Poor Kenyans Bet Their Shirts Off To Sponsor An English Premier League Club

For less than $0.50, a motorcycle rider – popularly known as a boda boda in East Africa — can make more than $500 in one weekend on the increasing number of sports betting platforms that have propped up across the region.

That is three times more than what an average boda boda rider would make in a month from several sweaty rides in Kenya’s lake side city of Kisumu.

But, like every other gamble, not everybody is lucky. And that is how sports betting startups like SportPesa, a three year old company, are raking in millions of dollar every month from poor young men who are quickly getting addicted to the game.

On Monday, the Kenyan online gaming company joined a few sub-Saharan Africa firms that have ever sponsored an English soccer team. The company sealed a  multi-million dollar deal with Hull City Club that will have the company’s name printed on the front of the team’s shirt for the next three seasons.

SportPesa, a company that claims to be Africa’s number one sports betting platform and already sponsors Kenya Premier League, plans to have a betting presence in four continents in about a year, its Chief Executive Officer Ronald Karauri said in a statement on Hull’s website on Monday.

“The deal is by far the largest in our history and a sign of our ambition to grow our Club and become a household name in our sport globally,” Simon King, Commercial Manager at Hull City Tigers, said without disclosing how much the sponsorship was worth.

Other English teams to have had sub-Saharan African sponsors include Sunderland, which had the branding of Johannesburg-based Bidvest Group Ltd. on shirts from 2013 to 2015, and Tottenham Hotspur, which formerly had lender Investec’s logo on shirts in certain tournaments, Bloomberg reported.

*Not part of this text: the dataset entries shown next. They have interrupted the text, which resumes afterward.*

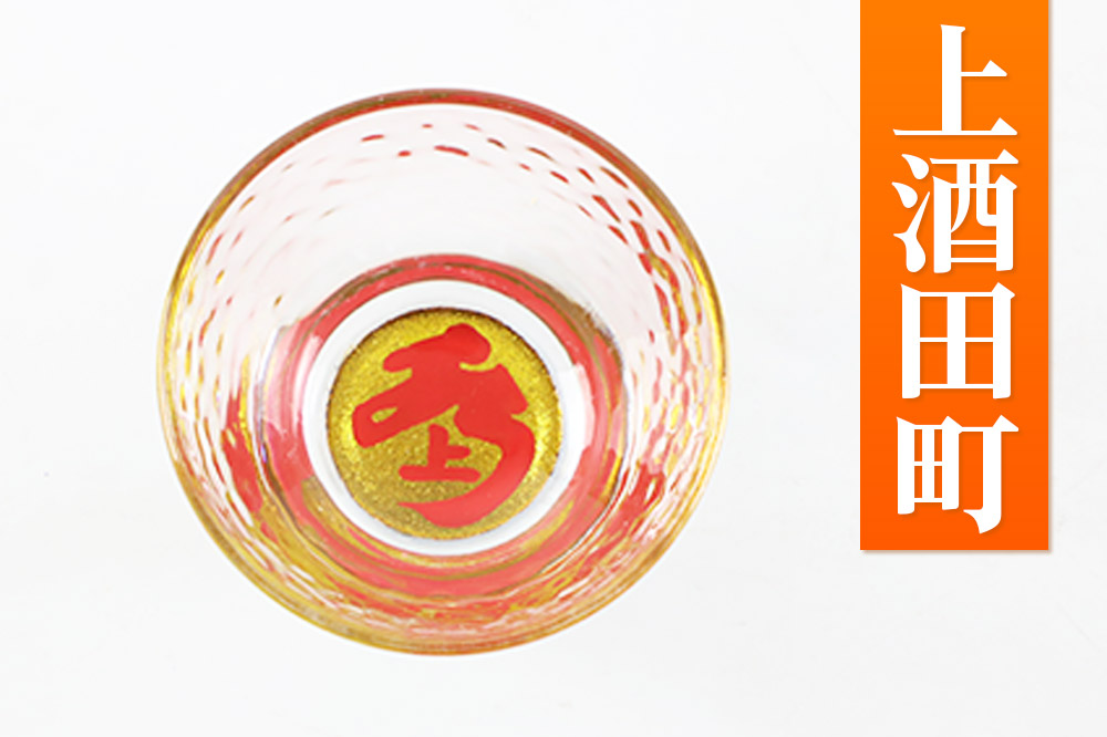 秋田のお酒を入れると底の模様がゆらめき「金の酒」になると好評を得ています。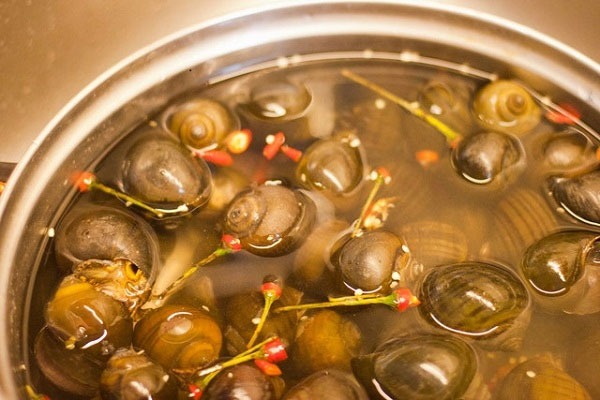 Lấy một lượng mẻ vừa phải trộn đều với ốc và đem luộc. Vị chua của mẻ giúp ốc nhả hết bùn đất và không còn vị tanh.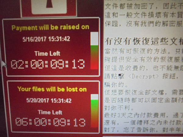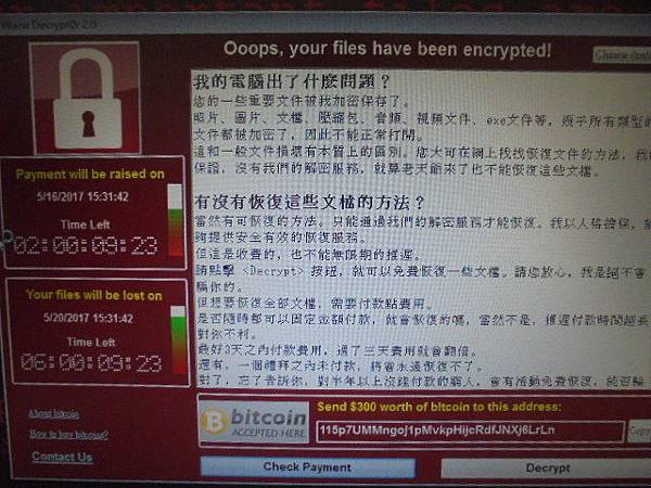 WD威騰1TB→3.5吋硬碟組裝電腦使用~中Wana Decrypt0r 2.0勒索病毒→副檔名被加註.WNCRY~要救回照片檔案→勒索軟體告知視窗~桃園市龜山區-陳小姐【左下方有計時器在跑】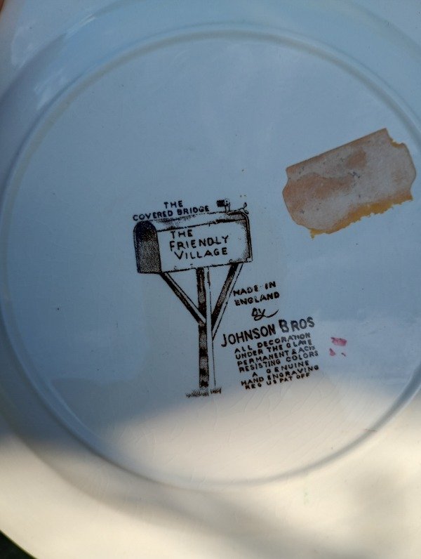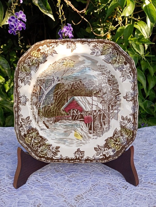 Plato de entrada o postre loza inglesa The Friendly Village The Covered Bridge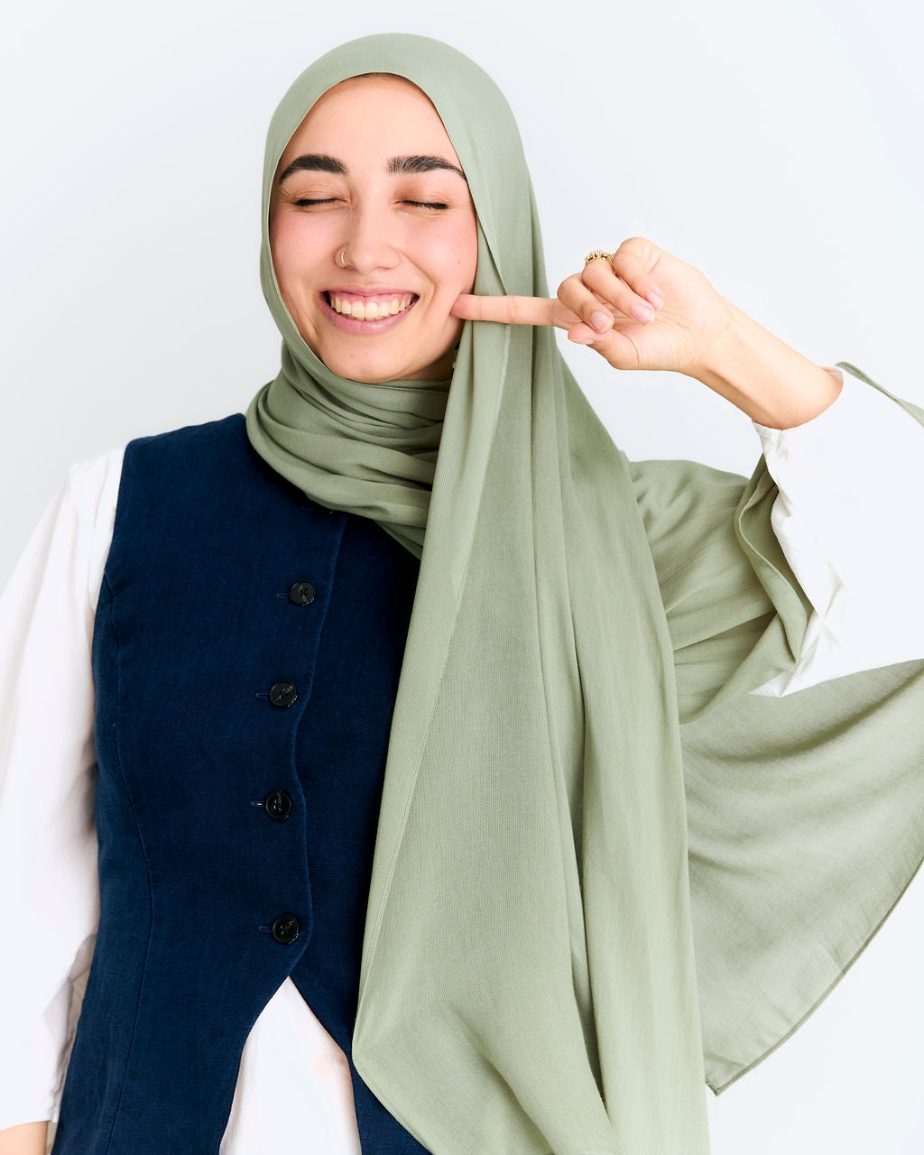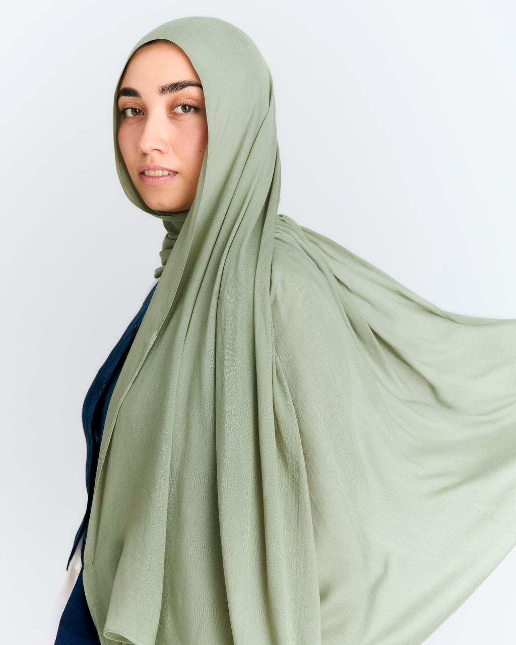This soft sage green modal hijab has warm yellow undertones. Calm, earthy, and steeped in simplicity. Part of the Qahwah Cafe series. It’s buttery soft, drapes beautifully, and lays perfectly on your head. Made from Anar’s Butter Modal fabric.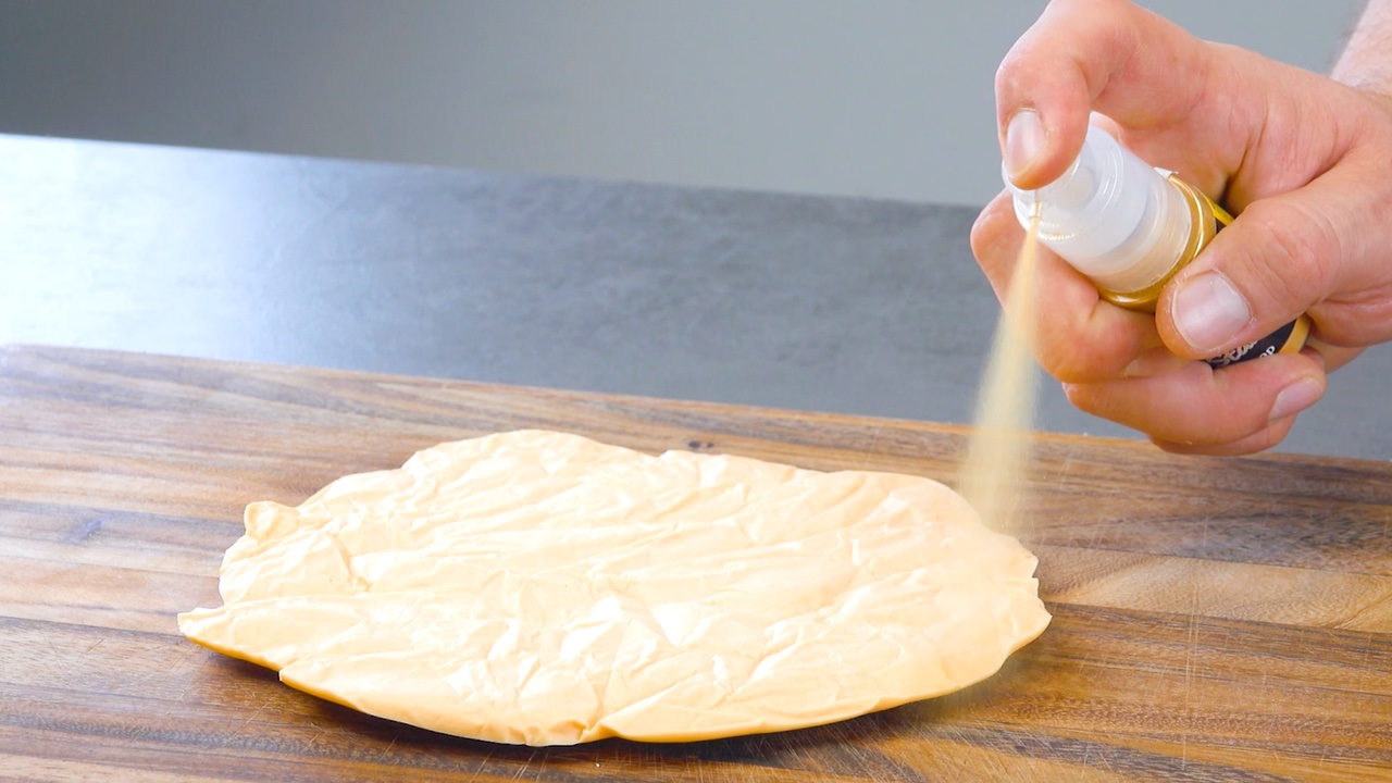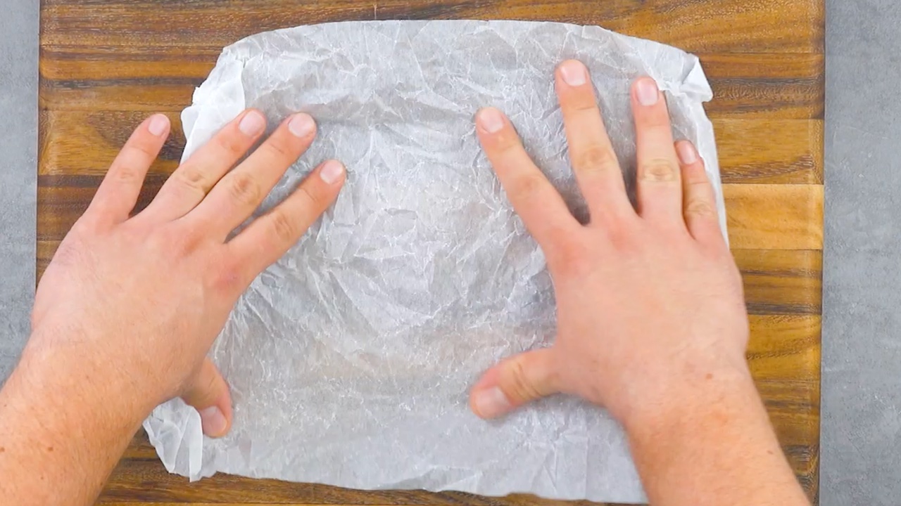 1. Beginne damit, das „Goldpapier“ herzustellen. Zerknülle dafür das Backpapier grob, falte es danach wieder auseinander und lege es ausgebreitet auf ein Brett.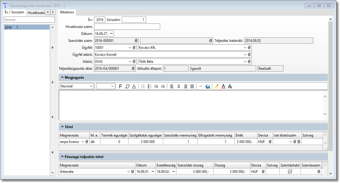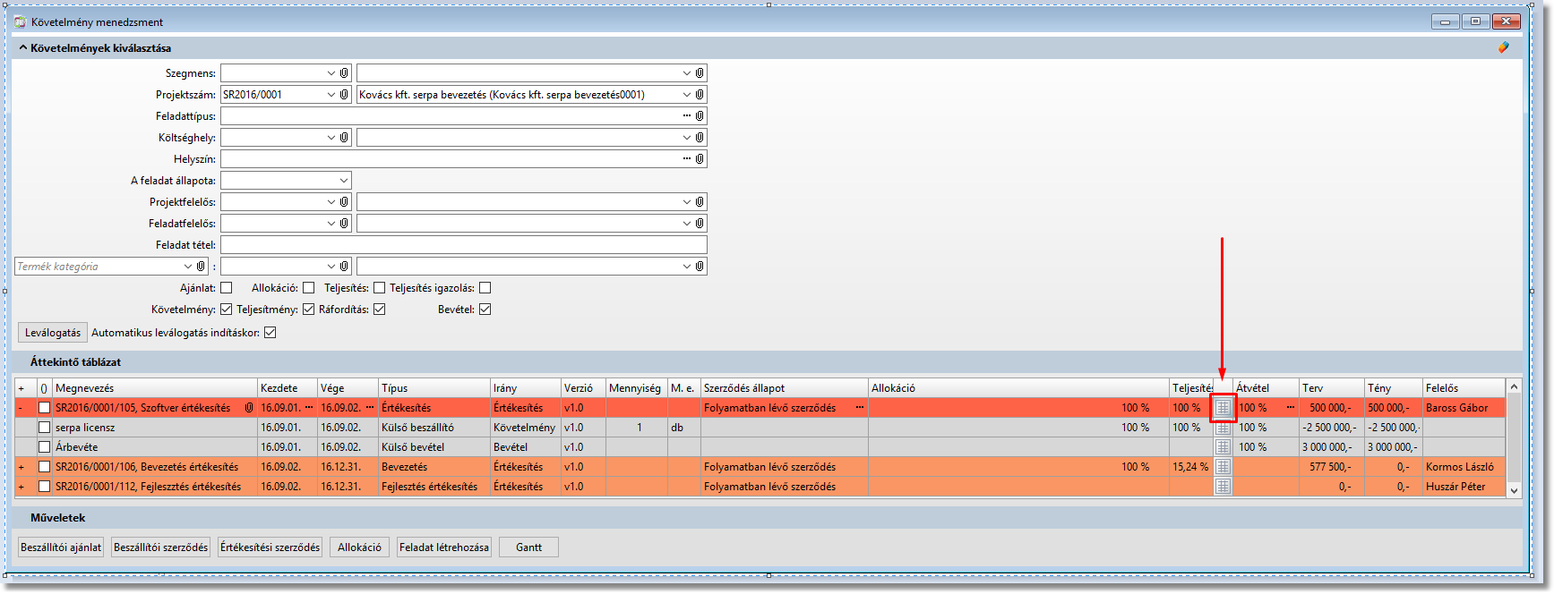 Látható, hogy két feladat tételünk van, az első a feladat követelménye, a második a bevétel amit a szerződés segítségével vettünk fel, és a rendszer automatikusan a feladathoz kapcsolt. A követelményeket tudjuk belső munkánkkal teljesíteni úgy, hogy a Teljesítés oszlop, és Átvétel oszlop közötti kis rács alakú ikont megnyomjuk. Ekkor feljön a teljesítés táblázat:

SportPesa’s deal with Hull City is a milestone for the growing number of sports betting companies in Africa, where most of the gamblers are low income earners who are literally betting shirts off their back.

For several young men across the continent, placing bets on sites like SportPesa is now an addiction they cannot dispense off. They place their bets every week at the comfort of their homes using mobile phones.

Piggybacking on Mobile Money

Betting companies in Kenya, including BetIn, Betway and Mcheza, have partnered with regional telcos to link their product with mobile money services such as Airtel Money, Orange Money and M-Pesa, making it gambling accessible to anyone with a phone.

This ease of access to betting site has had some devastating effects in some cases.

Cases of university students, farmers and boda boda riders committing suicide after losing huge amounts of money on betting sites has increased in recent years. This has made some churches and parents call for stiffer regulations on betting business to limit access by a growing number of gamblers.

Over the last few years, sports betting has grown steadily in many parts of Africa, with passionate sports fans, mainly in European leagues, getting involved via companies that decide the odds on various sports games and competitions.

The continent is quickly emerging as one of the most promising and lucrative sports betting playgrounds for gambling firms due to its favorable lax laws on betting.

Certain African countries including South Africa, Kenya and Nigeria, have experienced massive outbreaks of online betting companies, a 2014 report on gambling in Africa by Price Water Coopers showed.

The report said that with a four-year average growth rate of 6.9 percent, gambling in these three countries will be worth around $37 billion by the year 2018, with the sports betting segment growing at 21.3 per cent in South Africa alone, according to a 2013 figure in the report.

In South Africa, government statistics show that more than half of the adult population is involved in gambling activities on a regular basis, including with lottery and sports betting sites like SportsBet, Ladbrokes, Bet.co.za and Betxchange.co.za actively expanding their client base in the country.